Task to complete - Leave out the images and return all the data word for word.

Input data -
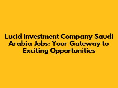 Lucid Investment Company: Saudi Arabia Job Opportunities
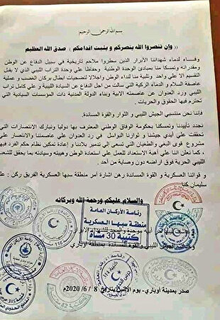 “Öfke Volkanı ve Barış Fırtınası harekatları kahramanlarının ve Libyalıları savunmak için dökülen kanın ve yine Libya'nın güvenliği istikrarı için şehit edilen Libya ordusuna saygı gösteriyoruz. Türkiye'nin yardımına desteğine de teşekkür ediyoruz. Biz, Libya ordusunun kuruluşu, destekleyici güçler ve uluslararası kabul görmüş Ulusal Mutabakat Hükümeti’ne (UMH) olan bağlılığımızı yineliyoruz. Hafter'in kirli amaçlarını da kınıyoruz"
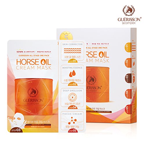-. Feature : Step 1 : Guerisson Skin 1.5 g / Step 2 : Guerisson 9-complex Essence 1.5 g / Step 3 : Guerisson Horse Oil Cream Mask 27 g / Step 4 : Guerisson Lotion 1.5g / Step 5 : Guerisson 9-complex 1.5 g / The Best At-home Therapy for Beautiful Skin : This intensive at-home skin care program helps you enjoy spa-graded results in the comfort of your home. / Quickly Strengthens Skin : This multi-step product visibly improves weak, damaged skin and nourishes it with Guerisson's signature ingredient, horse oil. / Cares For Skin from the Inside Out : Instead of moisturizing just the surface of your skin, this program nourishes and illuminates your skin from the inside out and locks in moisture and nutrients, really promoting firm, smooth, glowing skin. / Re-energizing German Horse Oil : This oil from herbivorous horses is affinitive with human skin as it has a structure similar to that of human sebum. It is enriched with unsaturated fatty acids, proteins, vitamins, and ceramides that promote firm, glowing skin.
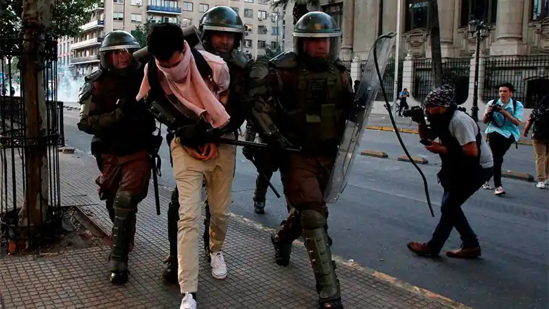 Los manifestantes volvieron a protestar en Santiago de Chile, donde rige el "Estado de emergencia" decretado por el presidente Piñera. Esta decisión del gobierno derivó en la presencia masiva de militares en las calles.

Answer section -
 Lucid Investment Company: Saudi Arabia Job Opportunities
 “Öfke Volkanı ve Barış Fırtınası harekatları kahramanlarının ve Libyalıları savunmak için dökülen kanın ve yine Libya'nın güvenliği istikrarı için şehit edilen Libya ordusuna saygı gösteriyoruz. Türkiye'nin yardımına desteğine de teşekkür ediyoruz. Biz, Libya ordusunun kuruluşu, destekleyici güçler ve uluslararası kabul görmüş Ulusal Mutabakat Hükümeti’ne (UMH) olan bağlılığımızı yineliyoruz. Hafter'in kirli amaçlarını da kınıyoruz"
-. Feature : Step 1 : Guerisson Skin 1.5 g / Step 2 : Guerisson 9-complex Essence 1.5 g / Step 3 : Guerisson Horse Oil Cream Mask 27 g / Step 4 : Guerisson Lotion 1.5g / Step 5 : Guerisson 9-complex 1.5 g / The Best At-home Therapy for Beautiful Skin : This intensive at-home skin care program helps you enjoy spa-graded results in the comfort of your home. / Quickly Strengthens Skin : This multi-step product visibly improves weak, damaged skin and nourishes it with Guerisson's signature ingredient, horse oil. / Cares For Skin from the Inside Out : Instead of moisturizing just the surface of your skin, this program nourishes and illuminates your skin from the inside out and locks in moisture and nutrients, really promoting firm, smooth, glowing skin. / Re-energizing German Horse Oil : This oil from herbivorous horses is affinitive with human skin as it has a structure similar to that of human sebum. It is enriched with unsaturated fatty acids, proteins, vitamins, and ceramides that promote firm, glowing skin.
 Los manifestantes volvieron a protestar en Santiago de Chile, donde rige el "Estado de emergencia" decretado por el presidente Piñera. Esta decisión del gobierno derivó en la presencia masiva de militares en las calles.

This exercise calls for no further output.